Bare models achieve 0% completion on serious engineering tasks. The same model, paired with a proper engineering infrastructure, enables a three-person team to build production-grade software.

The gap between them is Harness.

2. What Harness Engineering Is All About

The literal translation of “harness” is a horse harness.

A large model (Opus 4.7 / gpt 5.5) is like a wild horse — if you can’t control it with reins, its speed is meaningless.

Harness Engineering is the craft of building that harness — the technology to control the wild horse through the harness.

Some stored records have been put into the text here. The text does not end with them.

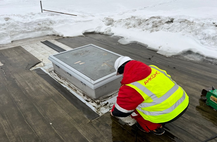 Ремонт противопожарной ткани вокруг световых фонарей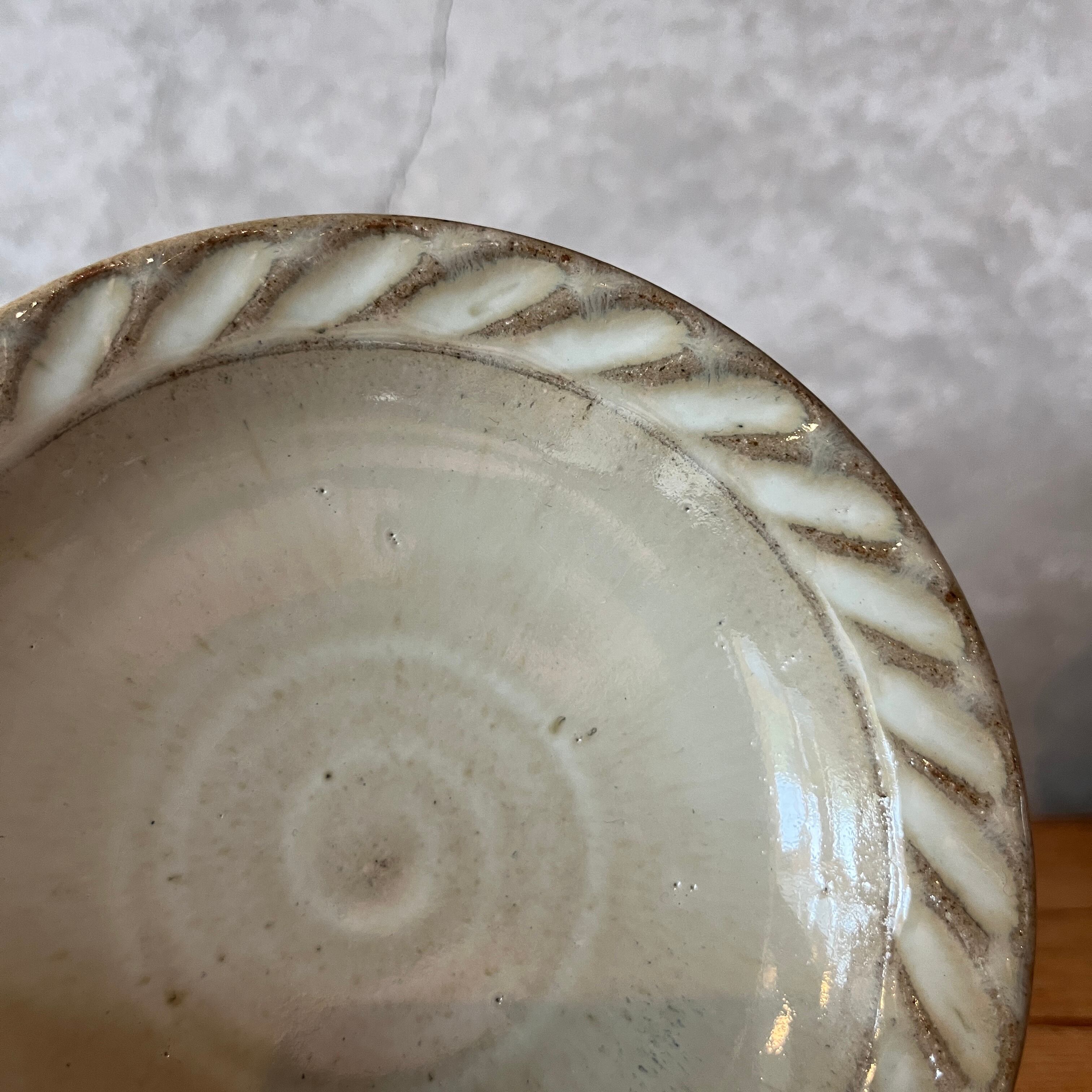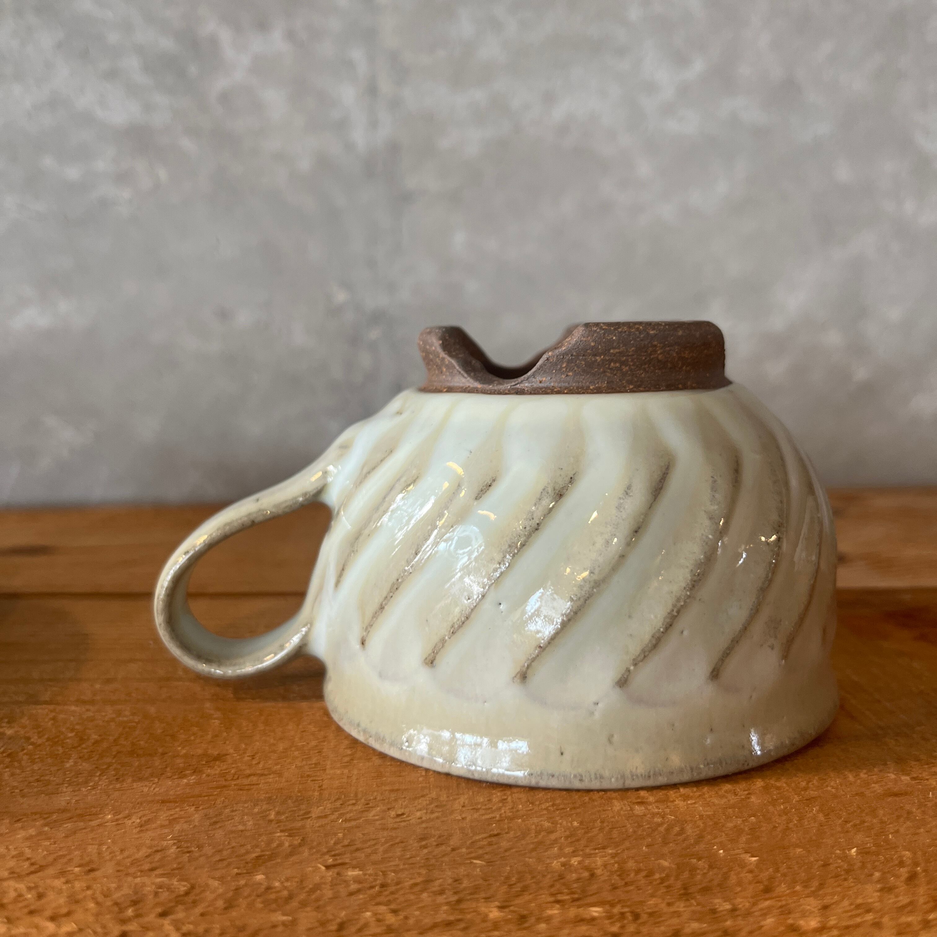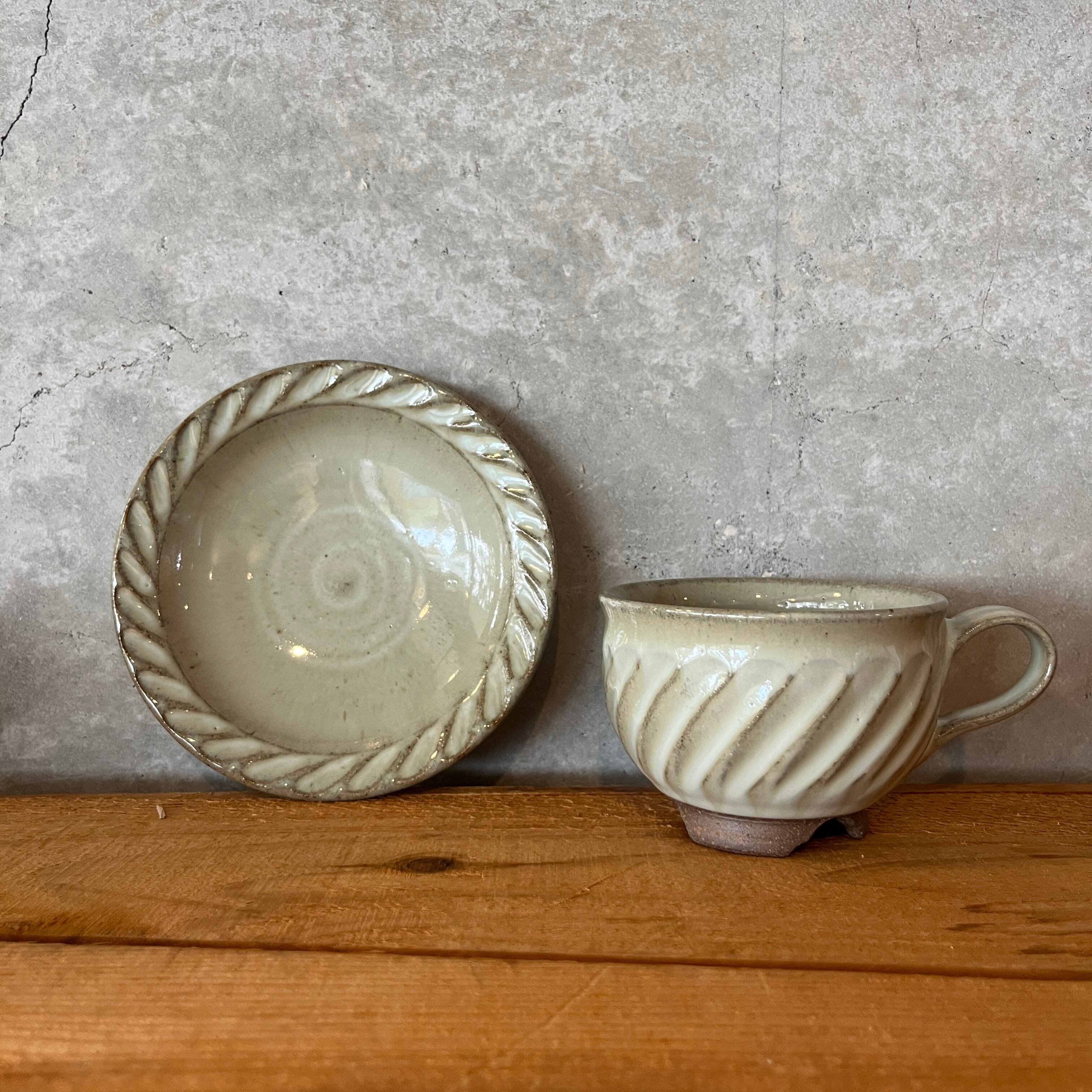 小代本谷ちひろ窯 しのぎ、 カップアンドソーサー 白小代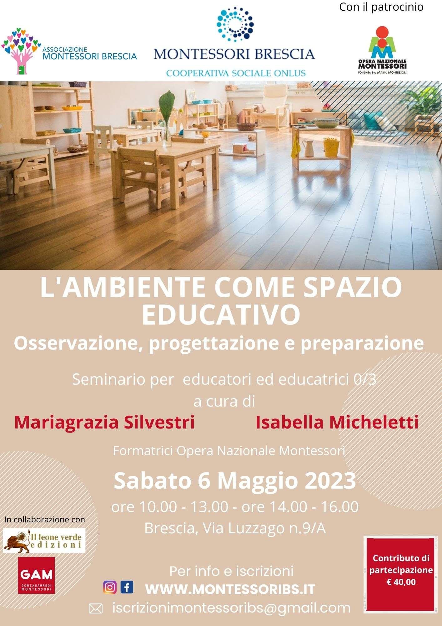 L’Associazione Montessori Brescia, in collaborazione con Il leone verde Edizioni e la Gonzagarredi Montessori, organizza per sabato 6 maggio un seminario dal titolo “L’ambiente come spazio educativo. Osservazione, progettazione e preparazione”.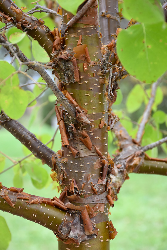 China Snow Pekin Lilac features showy plumes of fragrant creamy white flowers rising above the foliage from late spring to early summer. It has dark green deciduous foliage. The pointy leaves do not develop any appreciable fall color. The peeling coppery-bronze bark is extremely showy and adds significant winter interest.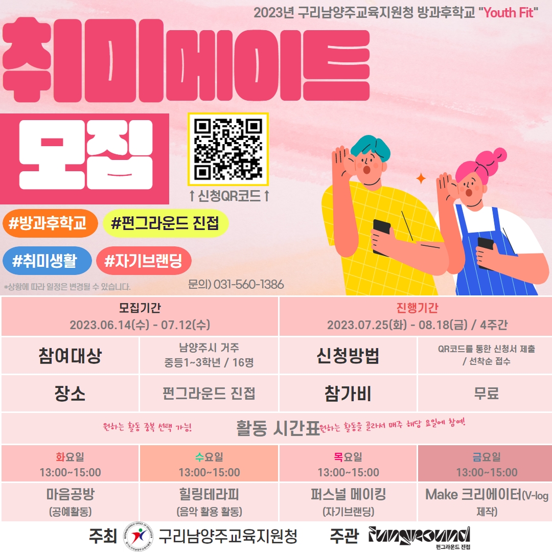 - 활동대상 : 남양주시 거주 또는 재학중인 14~16세 청소년 / 각 요일별 16명(중복신청 가능)
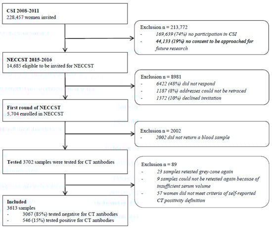 - Hoenderboom, B.M.; Van Oeffelen, A.A.; Van Benthem, B.H.; Van Bergen, J.E.; Dukers-Muijrers, N.H.; Gotz, H.M.; Hoebe, C.J.; Hogewoning, A.A.; Van Der Klis, F.R.; Van Baarle, D.; et al. The Netherlands Chlamydia Cohort Study (NECCST) Protocol to Assess the Risk of Late Complications Following Chlamydia Trachomatis Infection in Women. BMC Infect. Dis. 2017, 17, 264. [Google Scholar] [CrossRef]

Hooks, Skills, MCP, CLAUDE.md / AGENTS.md, sub-agents, plugins, tools — you’ve probably heard of or used a few of these. Harness can also be understood as the collective term for designing them as a system.

Many people use AI like this: see a new MCP, install it for fun; see a hook example, copy it; write a couple of lines in CLAUDE.md and forget about it; encounter a bug and don’t know which piece to fix; various features can’t work together; too much harness also tires the horse, yielding limited results.

The term “Harness Engineering” exists to force you to examine these scattered actions as a system.

It gives you a checklist: Are your AI workflows complete across 5 core dimensions? Ensuring your horse is always in top condition.

The industry has given a formula:

Agent = Model + Harness

That’s why you feel some tools are smoother to use, while others have strong models but feel brainless. The harness is just different.

Looking at the evolution of AI engineering:

• The innermost layer is Prompt Engineering — concerned with how to instruct AI.
• The middle layer is Context Engineering — concerned with what information to give AI and when.
• The outermost Harness Engineering wraps both of those, adding tool orchestration, state persistence, verification loops, task decomposition, sub-agents, permission sandboxes, and rollback mechanisms — forming a complete engineering infrastructure.

Next, we’ll use the 5 dimensions of Harness to review your current Claude Code / Codex / OpenClaw / Cursor configuration, so you can better understand whether your agent needs extra harness or a lighter load.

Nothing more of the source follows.